左側のコネクターはチェック用です。 下側の灰色ケーブルは、USBケーブルです。
ソケットになっているので、他の水晶発振子でも使う事が出来ます。
赤いターミナルは、ソケットに接続しています。 リード線タイプの水晶発振子( 下の8KHzなど )に使います。
発振周波数を確認してみました。 Part.1 10,000.095516Hz( 10.000095516KHz )と表示されています。
ぴったり合っていない原因は周波数調整用の回路が無い為です。 実用上、問題はないので省きました。
発振波形を確認してみました。 Part.2 正弦波ではなく、矩形波と呼ばれるものです。
10KHz以外に、20KHz,30KHz,40KHz,50KHz・・・と倍数の周波数が同時に出力に現れるためです。

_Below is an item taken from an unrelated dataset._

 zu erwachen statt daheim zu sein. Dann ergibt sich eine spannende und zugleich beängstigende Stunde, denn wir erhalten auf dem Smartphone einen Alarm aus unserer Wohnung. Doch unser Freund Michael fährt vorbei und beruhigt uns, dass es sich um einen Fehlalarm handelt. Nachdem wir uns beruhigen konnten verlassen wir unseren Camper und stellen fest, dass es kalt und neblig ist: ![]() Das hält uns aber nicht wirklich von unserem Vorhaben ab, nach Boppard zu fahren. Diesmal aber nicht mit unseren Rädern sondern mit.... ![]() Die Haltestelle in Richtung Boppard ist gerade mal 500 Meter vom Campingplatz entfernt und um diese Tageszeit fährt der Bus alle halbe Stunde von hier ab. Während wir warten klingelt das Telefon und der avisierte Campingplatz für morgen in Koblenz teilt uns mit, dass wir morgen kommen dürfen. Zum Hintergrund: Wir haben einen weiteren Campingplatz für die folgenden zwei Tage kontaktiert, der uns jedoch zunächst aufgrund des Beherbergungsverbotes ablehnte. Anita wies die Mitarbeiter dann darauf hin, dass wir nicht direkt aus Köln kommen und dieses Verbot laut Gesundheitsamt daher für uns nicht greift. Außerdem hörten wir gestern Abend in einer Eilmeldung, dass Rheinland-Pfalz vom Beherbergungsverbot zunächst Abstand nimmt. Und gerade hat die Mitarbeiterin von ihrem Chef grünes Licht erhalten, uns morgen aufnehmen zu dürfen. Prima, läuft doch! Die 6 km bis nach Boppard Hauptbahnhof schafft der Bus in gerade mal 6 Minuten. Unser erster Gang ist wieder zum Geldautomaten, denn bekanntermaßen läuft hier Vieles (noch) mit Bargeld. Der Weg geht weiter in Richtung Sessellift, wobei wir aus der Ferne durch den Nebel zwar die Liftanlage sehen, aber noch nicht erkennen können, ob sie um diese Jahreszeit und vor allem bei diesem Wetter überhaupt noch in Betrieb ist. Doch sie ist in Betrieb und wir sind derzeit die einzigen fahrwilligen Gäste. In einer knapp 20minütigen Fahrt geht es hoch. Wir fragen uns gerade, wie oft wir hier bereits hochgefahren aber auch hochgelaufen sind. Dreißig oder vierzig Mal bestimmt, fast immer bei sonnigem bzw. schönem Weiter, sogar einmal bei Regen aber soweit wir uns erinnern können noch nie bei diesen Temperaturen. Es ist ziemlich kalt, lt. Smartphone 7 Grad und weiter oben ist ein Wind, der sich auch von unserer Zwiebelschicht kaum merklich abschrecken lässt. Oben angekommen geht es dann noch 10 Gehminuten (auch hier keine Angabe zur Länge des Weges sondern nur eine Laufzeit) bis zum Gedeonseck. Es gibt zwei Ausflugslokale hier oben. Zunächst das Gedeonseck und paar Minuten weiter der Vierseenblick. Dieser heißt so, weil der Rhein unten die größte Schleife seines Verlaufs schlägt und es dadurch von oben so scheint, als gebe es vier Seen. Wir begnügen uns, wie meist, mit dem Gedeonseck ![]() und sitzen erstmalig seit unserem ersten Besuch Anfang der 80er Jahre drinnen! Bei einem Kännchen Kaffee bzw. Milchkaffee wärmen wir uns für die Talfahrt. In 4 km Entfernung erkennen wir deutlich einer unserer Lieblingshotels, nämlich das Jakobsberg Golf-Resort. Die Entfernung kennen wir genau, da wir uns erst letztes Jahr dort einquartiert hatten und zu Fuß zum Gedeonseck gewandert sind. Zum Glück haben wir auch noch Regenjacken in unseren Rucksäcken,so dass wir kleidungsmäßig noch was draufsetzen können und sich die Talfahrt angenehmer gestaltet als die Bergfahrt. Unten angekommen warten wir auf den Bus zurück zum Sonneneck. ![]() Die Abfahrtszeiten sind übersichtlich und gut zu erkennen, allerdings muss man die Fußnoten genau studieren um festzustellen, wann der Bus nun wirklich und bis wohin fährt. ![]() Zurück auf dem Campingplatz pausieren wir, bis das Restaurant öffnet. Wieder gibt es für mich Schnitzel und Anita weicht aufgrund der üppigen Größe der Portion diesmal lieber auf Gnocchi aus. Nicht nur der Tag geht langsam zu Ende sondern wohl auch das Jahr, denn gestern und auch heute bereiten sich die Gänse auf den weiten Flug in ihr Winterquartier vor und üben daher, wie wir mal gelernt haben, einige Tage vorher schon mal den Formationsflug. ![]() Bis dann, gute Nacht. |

10KHz以外を遮断するフィルターを取り付ければ、綺麗な正弦波になります。
今回は、水晶そのものから音を聴くのが目的なので、省いています。
発振波形を確認してみました。 Part.3
スペクトラム・アナライザーを使用して測定してみました。 発振した波形がどのくらい綺麗なのか( 信号純度 )、高調波( 発振周波数の倍数で現れる。 信号のレベルと周波数を同時に測定 )などが測定できます。

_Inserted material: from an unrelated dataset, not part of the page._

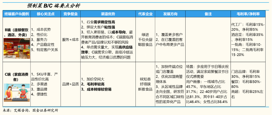 經(jīng)典案例:根據(jù)艾媒咨詢、國金證券研究所等綜合資訊表明,目前預(yù)制菜領(lǐng)域B端占比約八成,B 端先行發(fā)展起來主因客戶需求較簡單,他們更看重成本因素與供貨穩(wěn)定性,而 C 端直達(dá)消費(fèi)者,對產(chǎn)品品質(zhì)、產(chǎn)品豐富度、企業(yè)品牌力、渠道布局要求苛刻,企業(yè)更難做好;同時(shí)餐企降本增效訴求強(qiáng)烈,對預(yù)制菜需求確定性更強(qiáng),C 端仍面臨外賣等競品壓力。

50オームの負荷を接続した時の出力電圧は、145.2mV となりました。
今回使用した機械は、1台でベンツ1台( 一番高い方の )と同じくらいの値段です。
他にも、音が聞こえる水晶が手に入りました。
上述の10KHzに比べて、同じ発振回路で試すとこちらの方が音が小さめでした。
この水晶に適した回路を使えば、音はもう少し大きくなると思います。
ただ、あまり大きな電圧を加えると振動子が割れてしまいます。
見つけるのは難しいので、大事にしないと・・・
知人に探して貰っていますが、ヨーロッパとかロシアの方が出回っているのでは?との感触でした。

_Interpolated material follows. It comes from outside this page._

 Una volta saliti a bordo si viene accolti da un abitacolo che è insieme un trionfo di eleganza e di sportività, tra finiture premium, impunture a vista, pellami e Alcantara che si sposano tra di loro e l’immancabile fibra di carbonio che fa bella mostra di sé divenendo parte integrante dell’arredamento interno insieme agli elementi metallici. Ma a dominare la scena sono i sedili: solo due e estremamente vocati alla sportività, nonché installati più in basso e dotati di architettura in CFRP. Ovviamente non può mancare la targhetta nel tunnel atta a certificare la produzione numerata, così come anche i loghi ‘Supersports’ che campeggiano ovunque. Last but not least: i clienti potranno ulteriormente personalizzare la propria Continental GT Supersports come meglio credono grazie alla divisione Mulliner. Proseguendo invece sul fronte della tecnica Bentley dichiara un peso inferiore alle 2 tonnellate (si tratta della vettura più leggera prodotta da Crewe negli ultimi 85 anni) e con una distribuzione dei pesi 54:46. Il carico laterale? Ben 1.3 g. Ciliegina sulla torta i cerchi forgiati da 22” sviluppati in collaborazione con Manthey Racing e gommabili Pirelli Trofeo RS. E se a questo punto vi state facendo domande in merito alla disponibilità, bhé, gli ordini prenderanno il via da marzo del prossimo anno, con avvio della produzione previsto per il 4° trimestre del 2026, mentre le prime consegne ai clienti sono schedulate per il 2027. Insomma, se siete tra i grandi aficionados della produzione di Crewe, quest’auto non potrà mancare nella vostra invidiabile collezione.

10KHz以下の物があれば購入すると伝えたので、見つかったら連絡が来るでしょう。
こればかりは時間が掛かりそうですが。
これは、日本電気( NEC )製の8KHz 水晶振動子
楕円のガラス管に入っています。
金属ケースに入った水晶発振子 上:8.45663KHz 下:12.350KHz
上の8.4KHzは発振して音も聴く事が出来たが、下の12.35KHzは発振回路と合わないのか発振していない様子でした。
もう少し粘ってみます。
更に、応用するするなら
セイコー・エプソン SPG-8650O( 赤字はアルファベットのOです )
10KHzを分周するICです。 詳しいデータは、ここにあります!
発振させて音を聴くだけなら、必要はありません。 見付けにくいICです。
10KHzを1KHz,100Hz,10Hz,1Hz・・・と1/10ずつ周波数を下げる働きをします。
例えば1Hzにすると、LEDを1秒毎に点滅させる事が出来ます。
可変コンデンサ( ポリバリコン )
今回は無くても構いません。
もし周波数を正確に合わせたい希望があれば、使います。